The Creation Process – Suzanne Tate

8 01 2008

I find it a bit hard to write about this topic.  I’m afraid, despite my Fine Art background, and my career as an Art Teacher, that I am a bit haphazard to say the least about my creative process.  I don’t really keep a sketchbook or visual diary, and I don’t often respond to external stimulus. Not even my amazing trip to Europe and Egypt last Christmas produced inspiration for my glass. I rarely even have an idea in my head when I head to the torch.  I just don’t seem to work that way.  For me, it’s more about combining colours, and utilising skills. 

Many of my best designs derive from dots, as that is a technique that I have practised and developed a level of skill. But I do love to produce designs that practise various skill, such as stringer control, encasing or sculpture.  I guess I am more often moved by what I can accomplish, rather than expressing emotions or inspiration. 

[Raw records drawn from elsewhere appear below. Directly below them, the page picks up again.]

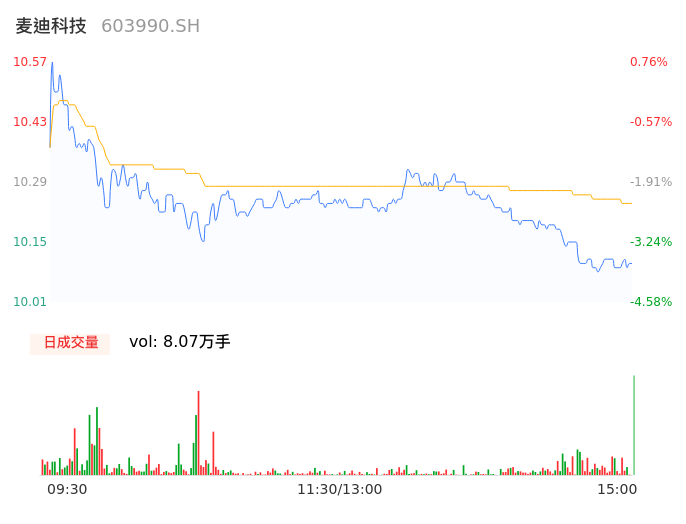 04月12日,麦迪科技收报10.01,股价涨幅-4.58%,成交金额8259.96万元,换手率2.90%。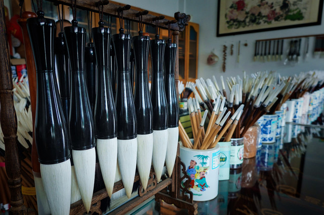 撰写于明孝宗弘治年间的《弘治湖州府志》记载道,“湖州出笔,工遍海内,制笔者皆湖人,其地名善琏村……”,漫步小镇,随处可见制笔的作坊和工匠。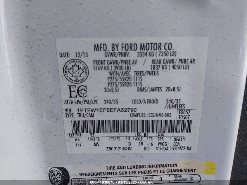 2014 FORD F-150 2014 року Бензин, 5.0, Полный привод, vin - 1FTFW1EF5EF****** из США
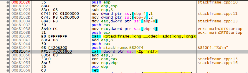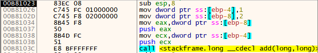 #include "stdio.h" long add(long a, long b) { long x=a, y=b; return (x+y); } int main(int argc, char* argv[]) { long a=1, b=2; printf("%d\n", add(a, b)); return 0; }(StackFrame.cpp)
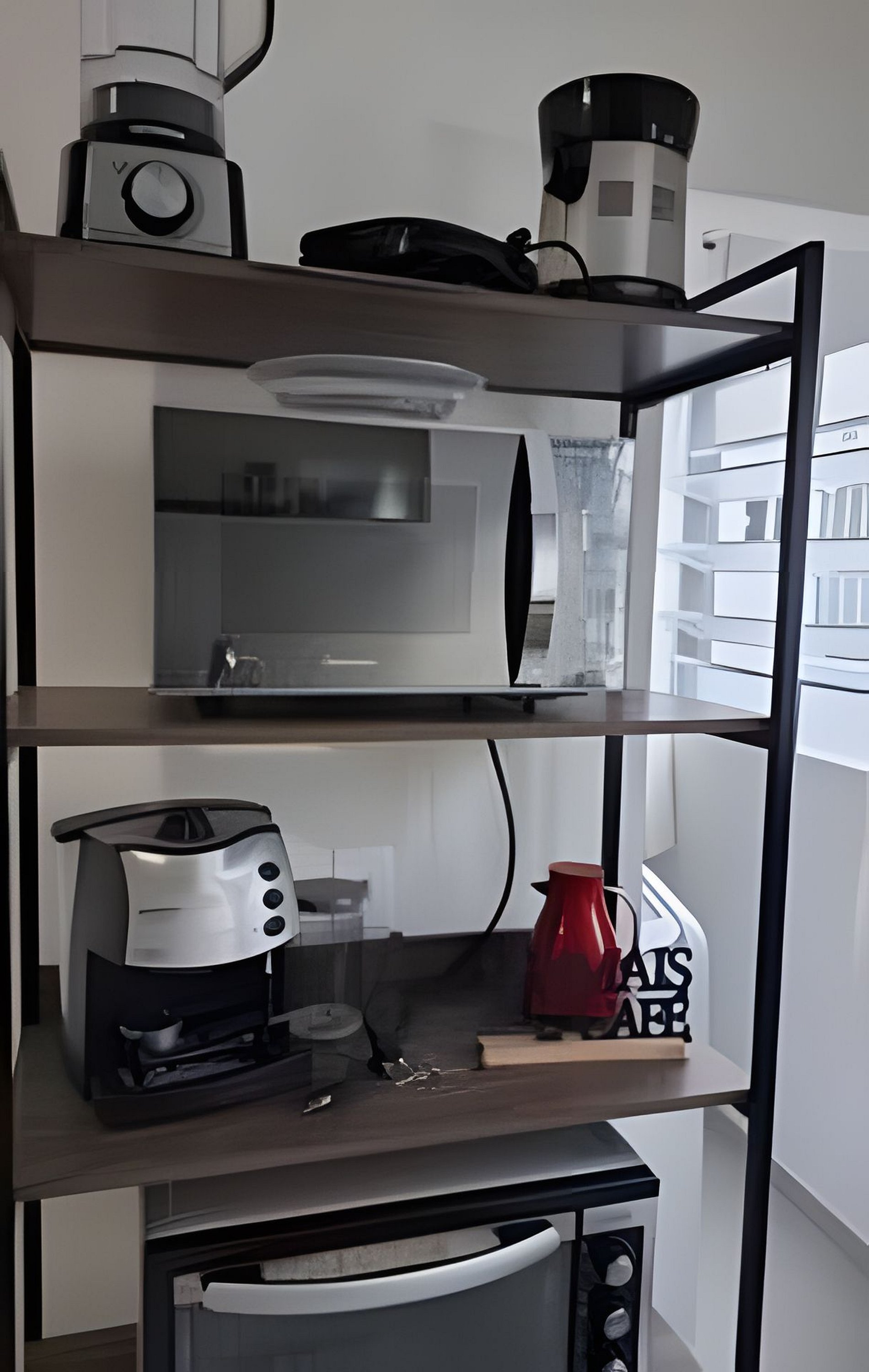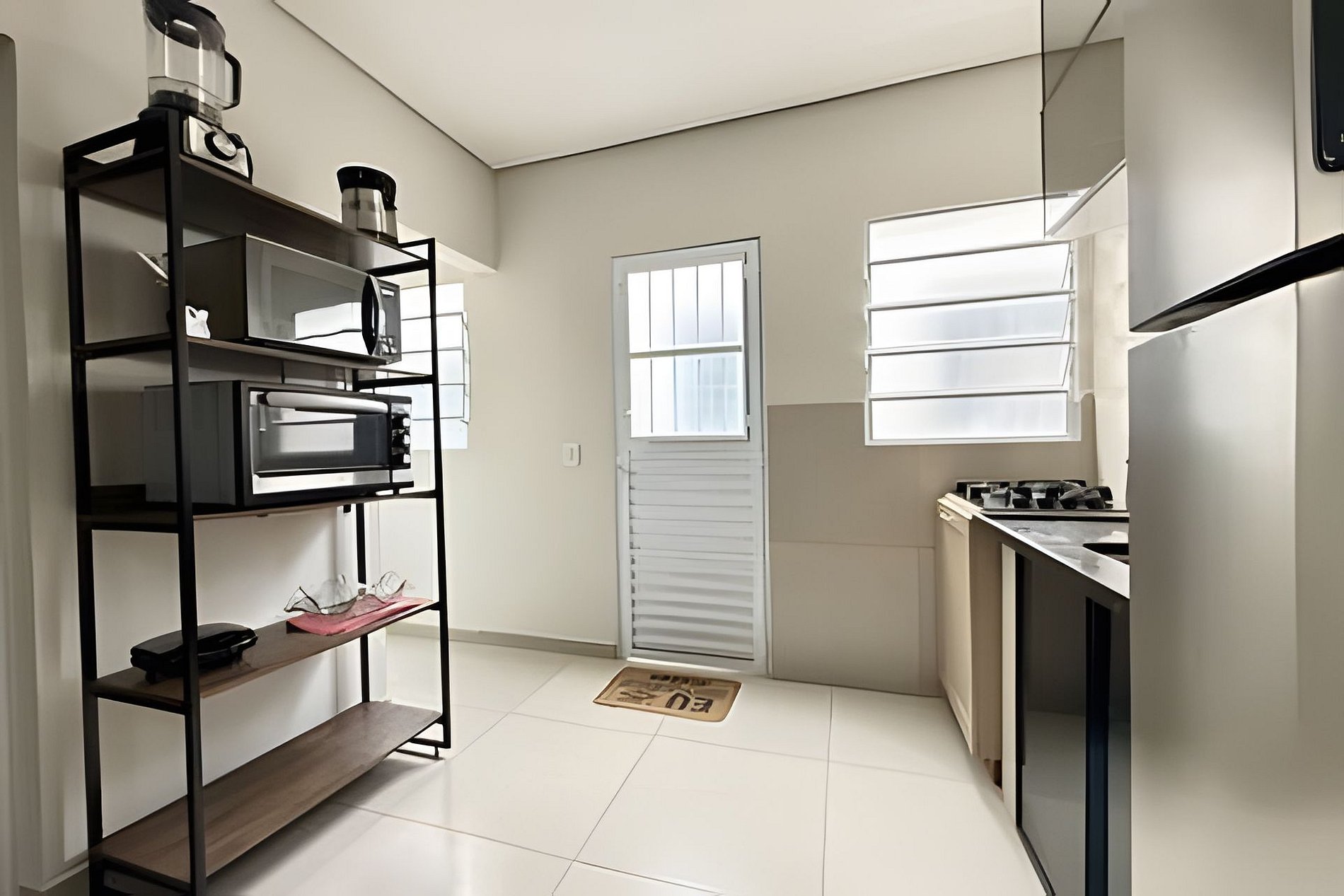 Acomoda até 2 pessoas, com 1 cama de casal. A cozinha é completa, equipada com geladeira, fogão, micro-ondas, cafeteira, sanduicheira, airfryer, pratos, copos, talheres e utensílios diversos. Dispõe ainda de lavanderia individual e privativa, garantindo praticidade e conforto durante sua estadia. O ambiente é moderno, bem iluminado e excelente para estadias curtas ou longas.

I do have one area of influence that frequently affects my glass.  I am a member of the SCA – a Medieval recreation society, and like to research and produce period style glass beads. That often means producing replicas, which isn’t very creative, but I do love to incorporate the period techniques and styles into more contemporary designs. 

My favourite dot beads are an example of that, as they are heavily influenced by the Chinese Warring States Beads.

So, more often than not, the creative process for me is sitting at my torch, picking up a colour glass that appeals to me at the moment, and making the first thing that comes into my head.  Or, making a conscious decision to focus on a particular skill.  Trying to make beads on a theme is a new process for me, but one I am working on for my involvement in the Modern Savages group. 

Sometimes I think that my working style tend to lean more to my glass as a craft, rather than art.  And I don’t see that as a bad thing. I think I’d rather be a good craftsman (creaftsperson?) than a mediocre artist….. 

But that’s a discussion for another day.